PROBLEM STATEMENT –
In the listing below, locate the line with "All of our baskets" and the line with "nianfeng Tiered Spice", then output both and everything between them exactly, minus any pictures.

:: PROVIDED DATA

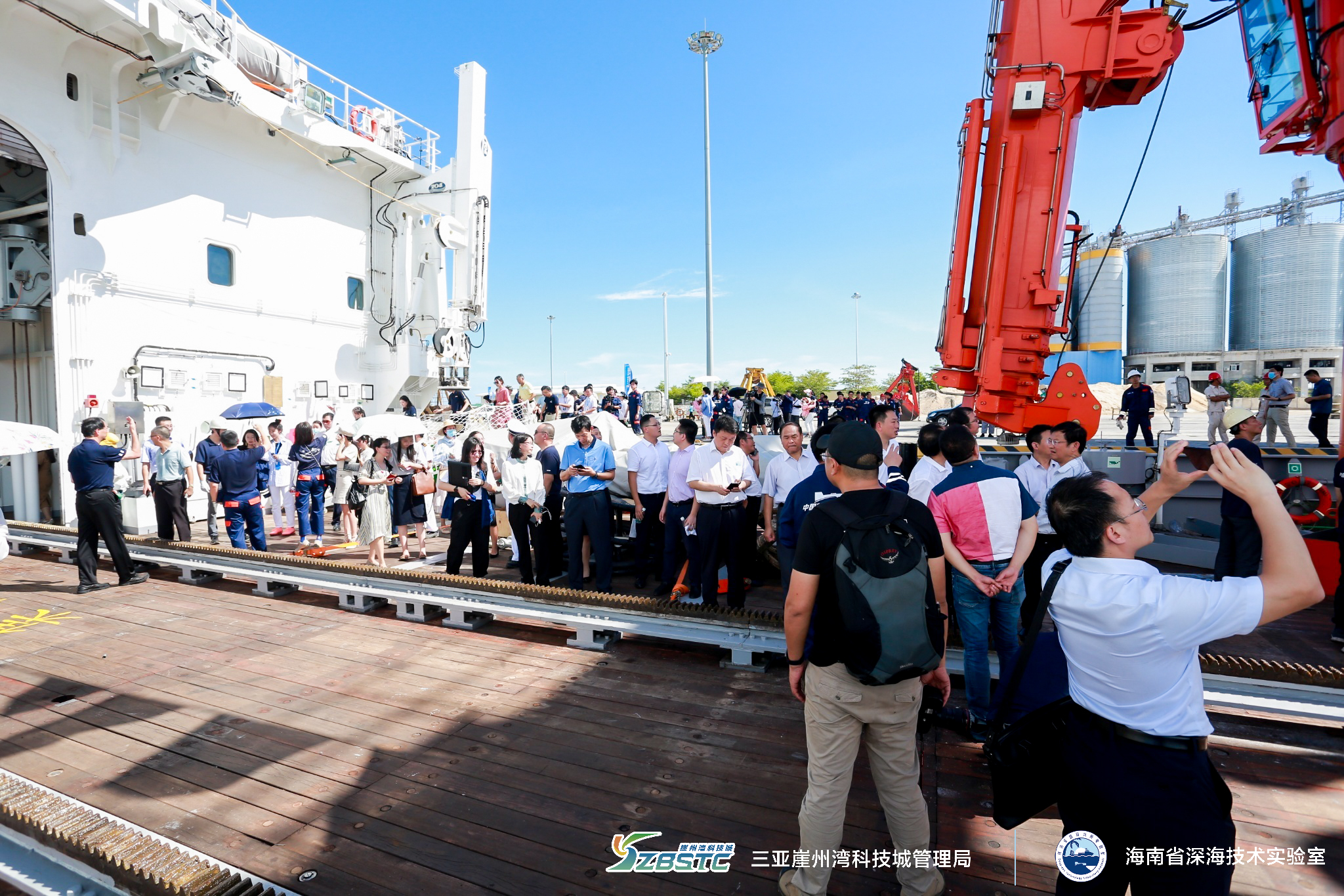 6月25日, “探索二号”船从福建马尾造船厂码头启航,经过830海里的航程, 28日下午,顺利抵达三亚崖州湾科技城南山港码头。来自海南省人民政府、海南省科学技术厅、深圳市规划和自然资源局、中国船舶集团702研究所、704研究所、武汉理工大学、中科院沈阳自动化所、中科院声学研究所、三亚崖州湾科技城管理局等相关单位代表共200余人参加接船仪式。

::::
:: PROVIDED DATA

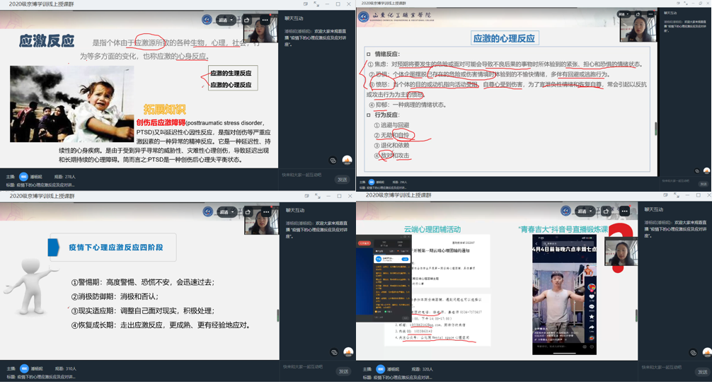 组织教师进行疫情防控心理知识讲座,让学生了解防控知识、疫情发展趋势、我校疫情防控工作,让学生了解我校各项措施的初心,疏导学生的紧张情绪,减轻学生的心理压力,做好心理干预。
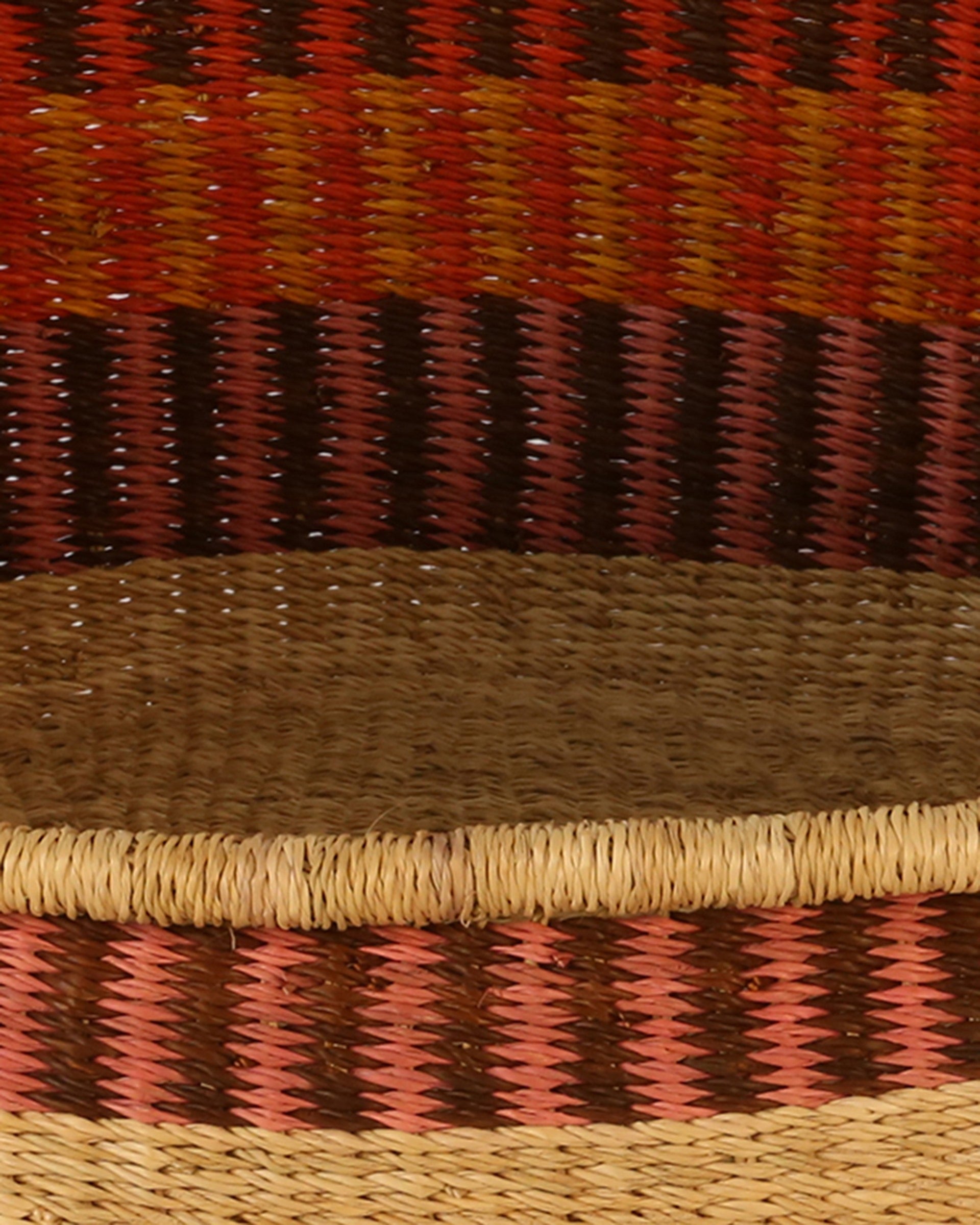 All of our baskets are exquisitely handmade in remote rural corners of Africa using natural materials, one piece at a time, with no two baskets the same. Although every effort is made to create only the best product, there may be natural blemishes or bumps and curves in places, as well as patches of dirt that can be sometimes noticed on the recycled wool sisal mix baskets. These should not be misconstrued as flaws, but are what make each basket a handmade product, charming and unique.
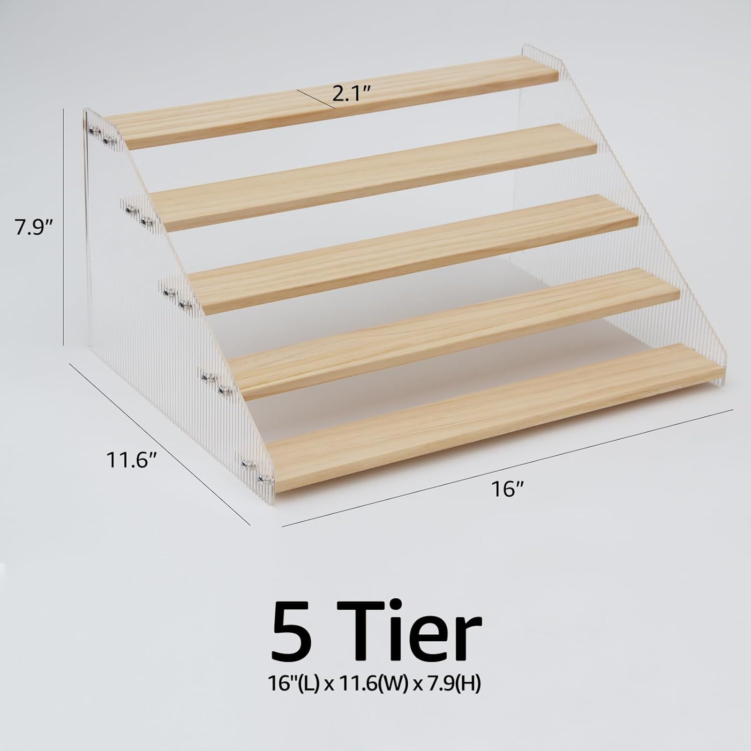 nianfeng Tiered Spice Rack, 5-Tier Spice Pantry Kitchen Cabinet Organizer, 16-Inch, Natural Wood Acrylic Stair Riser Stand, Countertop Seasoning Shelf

::::

RESPONSE –
 All of our baskets are exquisitely handmade in remote rural corners of Africa using natural materials, one piece at a time, with no two baskets the same. Although every effort is made to create only the best product, there may be natural blemishes or bumps and curves in places, as well as patches of dirt that can be sometimes noticed on the recycled wool sisal mix baskets. These should not be misconstrued as flaws, but are what make each basket a handmade product, charming and unique.
 nianfeng Tiered Spice Rack, 5-Tier Spice Pantry Kitchen Cabinet Organizer, 16-Inch, Natural Wood Acrylic Stair Riser Stand, Countertop Seasoning Shelf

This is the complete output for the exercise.